Every so often football unearths a talent of immense proportions and, in the prodigious Argentinian Lionel Messi, FC Barcelona have one of them.
Messi may only be 18, but he is already performing at the same rarefied level as Barca teammate, Ronaldinho.
The Argentinian knows how lucky he has been to play alongside this particular superstar. Other big names might have pulled rank on the wonderkid.
"Ronnie has been massively important for me," Messi told Champions magazine. "I was so young (16) when I started to come into Barcelona's dressing room, but he made a point of being first to step up to me and look after me. There was no jealousy at all - quite the opposite. Ronaldinho led the way."
'For the joy'
He added: "There's a 'Brazilian' table at Barça meal times and they often make me sit with them, but they always tell me I'm the only Argentinian they'll ever allow to join them! I try to copy little things Ronaldinho does and, more fundamentally, I just try to play for the joy of it. "All my life I've worked on this ability to dribble past or get away from players who are marking me or who are trying to tackle me," he added. "Really, I've been like this from the first moment I picked up a football."
Foul magnet
It is a style, as Ronaldinho has pointed out, that leaves Messi perpetually chopped to the ground but he has become used to such treatment. "I've always had this ability to get up and get on with it," he said. "Long ago, I made up my mind that the fact people try to kick you and foul you comes with the territory if you play the way I do."
Messi left Santa Fe six years ago in search of fame, fortune and height. When he attracted big clubs in Argentina, it was discovered he lacked a growth hormone and that was the reason why, aged 13, he was still barely 1.43m tall. The €1,000 a month treatment he needed ruined the family budget. But after an intense period of pulling favours from family and friends, Barcelona were alerted to his talent, and physiological handicap, and offered him a trial.
Tearful farewell
Messi will never forget the drama of February 2000. "Everyone came out to say goodbye.

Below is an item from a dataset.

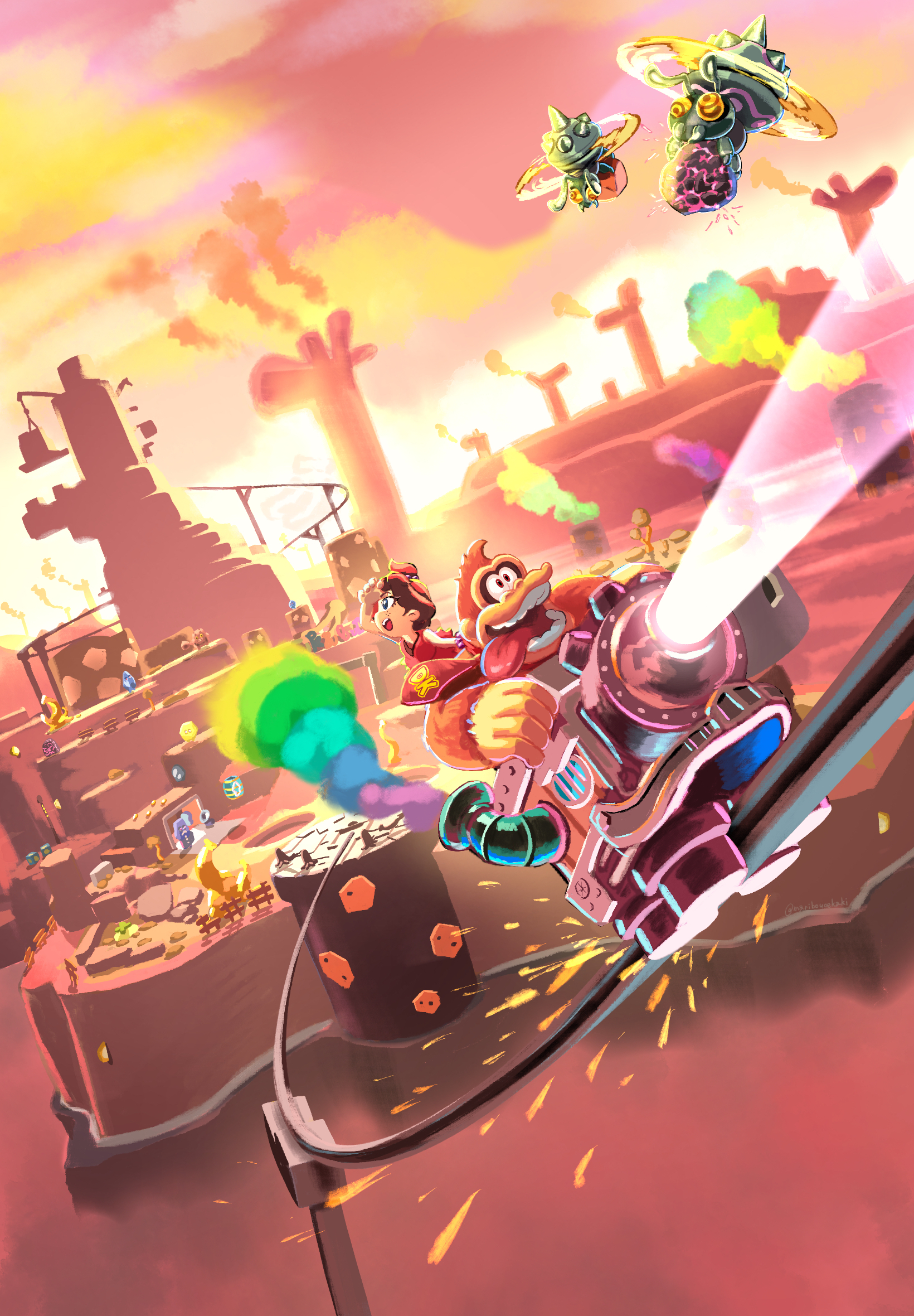 1boy 1girl ape commentary_request donkey_kong donkey_kong_(series) donkey_kong_bananza dress embers fractone_(donkey_kong) freckles furry furry_male headlight_beam highres looking_afar maribou_(supermaribou) mario_(series) minecart necktie nintendo open_mouth pauline_(nintendo) pauline_(young)_(nintendo) red_dress red_necktie tongue tongue_out

My parents and my two brothers and sister were all getting ready to go in a taxi to the airport and every one of us was crying our eyes out. Everyone had told me Barcelona would look after us, but I was worried in case it was a lie. When we got to Camp Nou it was so impressive we had to pinch ourselves to believe it."
Messi now feels he is indebted to the club, who took on his medical treatment and the injections Messi had to have every day for three years. "I couldn't let myself feel the pain," he said. "Even if I had, I could not have let it show in front of my new club. I owe Barcelona everything."